** EXERCISE PROMPT **
Set out exactly every line of the entries below, starting at the line that holds "Glastisch ohne störende" and stopping after the line that holds "阴天下雨水滴水泥地马路升格".

** RECORDS TO PROCESS **
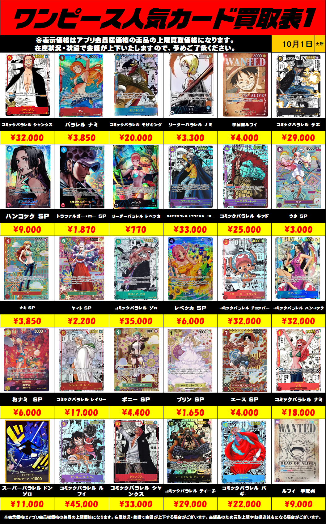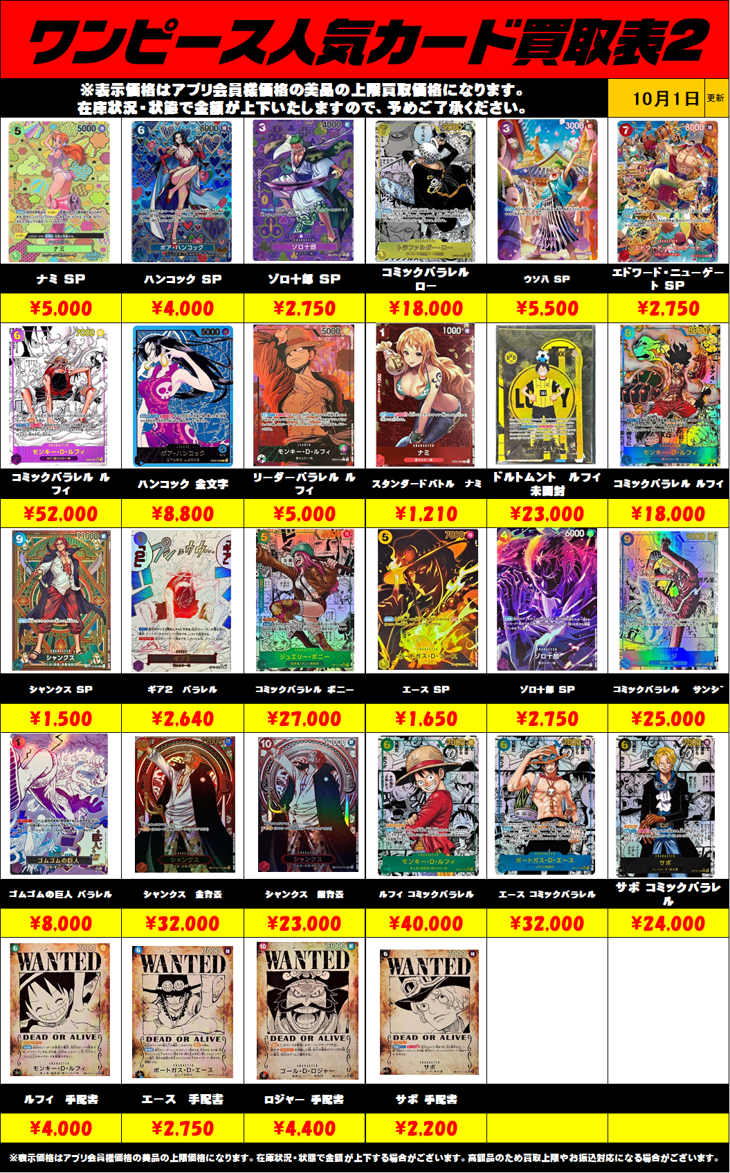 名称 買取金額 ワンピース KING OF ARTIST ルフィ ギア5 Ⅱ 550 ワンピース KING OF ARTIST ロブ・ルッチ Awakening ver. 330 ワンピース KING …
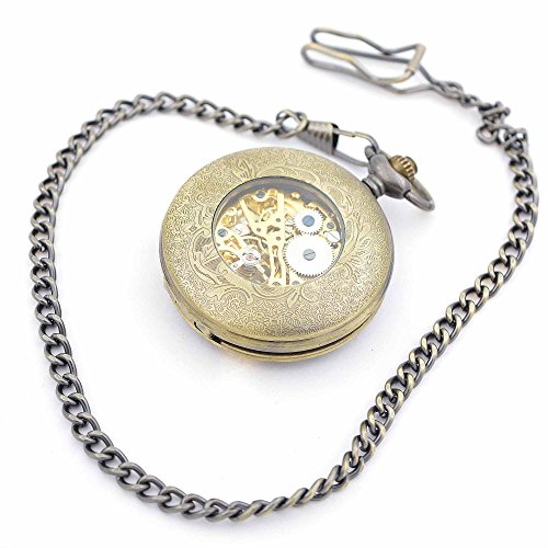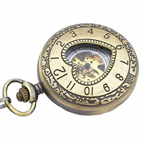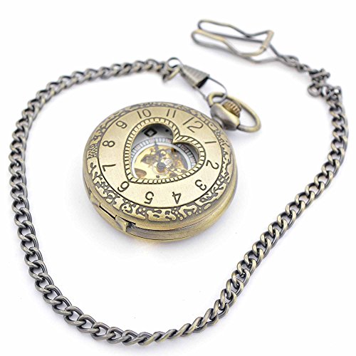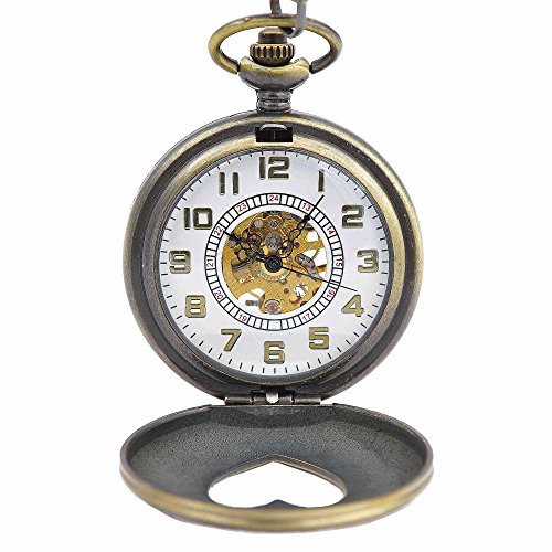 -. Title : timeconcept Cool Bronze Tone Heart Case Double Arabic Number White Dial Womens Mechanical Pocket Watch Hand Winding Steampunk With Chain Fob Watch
---
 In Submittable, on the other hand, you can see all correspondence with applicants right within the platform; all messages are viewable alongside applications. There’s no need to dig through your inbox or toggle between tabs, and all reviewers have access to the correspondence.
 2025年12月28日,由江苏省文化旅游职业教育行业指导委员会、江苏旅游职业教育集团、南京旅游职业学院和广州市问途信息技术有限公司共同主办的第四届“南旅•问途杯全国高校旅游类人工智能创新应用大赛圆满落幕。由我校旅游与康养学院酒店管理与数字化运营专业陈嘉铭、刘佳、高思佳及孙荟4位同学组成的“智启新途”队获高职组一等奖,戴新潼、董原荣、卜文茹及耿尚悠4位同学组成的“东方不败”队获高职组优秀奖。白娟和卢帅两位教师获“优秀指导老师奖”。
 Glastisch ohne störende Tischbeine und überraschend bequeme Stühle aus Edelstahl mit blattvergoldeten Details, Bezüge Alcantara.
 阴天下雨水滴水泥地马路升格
==
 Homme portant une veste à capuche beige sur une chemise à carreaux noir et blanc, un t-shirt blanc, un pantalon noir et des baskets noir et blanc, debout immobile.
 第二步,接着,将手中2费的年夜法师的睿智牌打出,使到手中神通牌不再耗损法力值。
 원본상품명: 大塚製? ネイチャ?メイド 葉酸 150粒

** YOUR SOLUTION **
 Glastisch ohne störende Tischbeine und überraschend bequeme Stühle aus Edelstahl mit blattvergoldeten Details, Bezüge Alcantara.
 阴天下雨水滴水泥地马路升格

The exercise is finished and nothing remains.